Boston's public institutions collectively hold tens of thousands of duplicate digital image files across their archival databases — a sprawling, largely invisible problem that is costing the city and its partner organizations real money and measurable staff time, according to digital preservation specialists familiar with the issue.
The timing matters. Mayor Michelle Wu's administration has pushed a broader open-data and government modernization agenda since 2022, and several Boston departments are now mid-cycle on digital infrastructure upgrades. That means procurement decisions made in the next 12 to 18 months will shape how — or whether — duplicate image bloat gets addressed before it compounds further.
How Big Is the Problem?
Industry benchmarks from the Federal Agencies Digital Guidelines Initiative, a working group that includes the Library of Congress, suggest that large public repositories routinely find that 15 to 30 percent of ingested image assets are functional duplicates or near-duplicates — files that differ only in resolution, compression level, or file-naming convention. Apply the lower end of that range to the Boston Public Library's Digital Commonwealth platform, which as of its most recent public report held more than 1.4 million digitized items, and the arithmetic produces an uncomfortable figure: potentially 210,000 redundant image objects consuming server space and metadata labor.

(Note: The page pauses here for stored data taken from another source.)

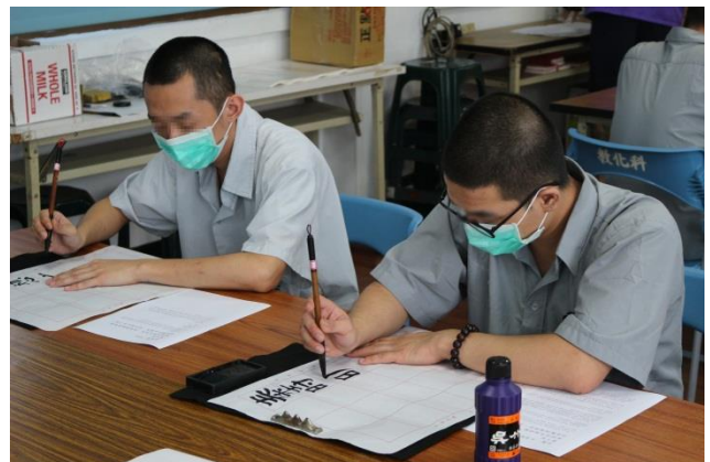
比賽過程耐心琢磨
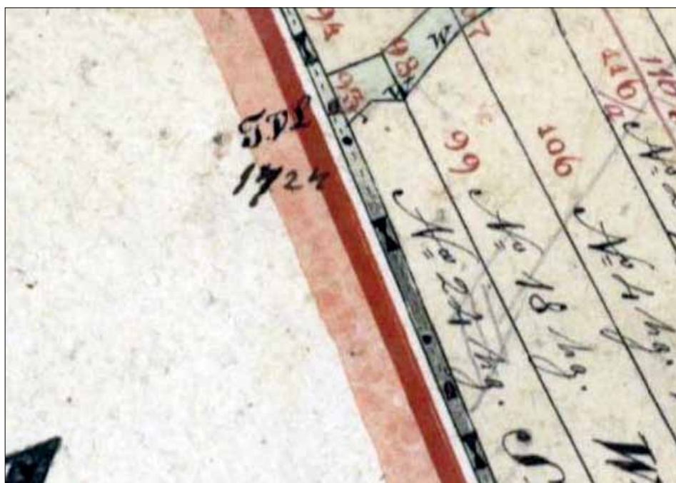
Hraničník u „skal“ s letopočtem 1724.
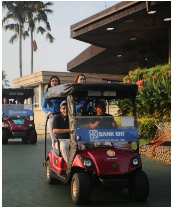
Peserta Menuju Tee Off
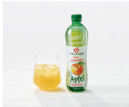
Höllinger Steirischer Apfelspritzer 500ml

Naturtrüber, steirischer Direktsaft gespritzt Naturally styrian Apple Spritz directly pressed

Storage is not free. Enterprise-grade archival storage on the East Coast runs roughly $3,000 to $5,000 per terabyte per year when you factor in redundancy, backup, and migration costs. High-resolution image files — the kind the BPL and the City of Boston Archives on City Hall Plaza routinely ingest from scanning projects — average 50 to 150 megabytes each. A library of 210,000 such files represents somewhere between 10 and 31 terabytes of potentially wasteful overhead.
Northeastern University's Digital Scholarship Group, based on Huntington Avenue, has been working with partner institutions on exactly this kind of deduplication challenge. The group has noted that manual review of flagged duplicates is the single largest labor cost in any remediation project — a finding consistent with what archivists at peer institutions in New York and Chicago have reported publicly.
What Deduplication Actually Requires
Automated duplicate detection software — tools like DROID, developed by the UK National Archives, or open-source perceptual hashing libraries — can scan a repository and flag probable duplicates in days rather than the months that manual review requires. The catch is integration. Boston's City Archives and the BPL's Digital Commonwealth run on different content management systems, and neither has publicly announced a unified deduplication protocol as of July 2026.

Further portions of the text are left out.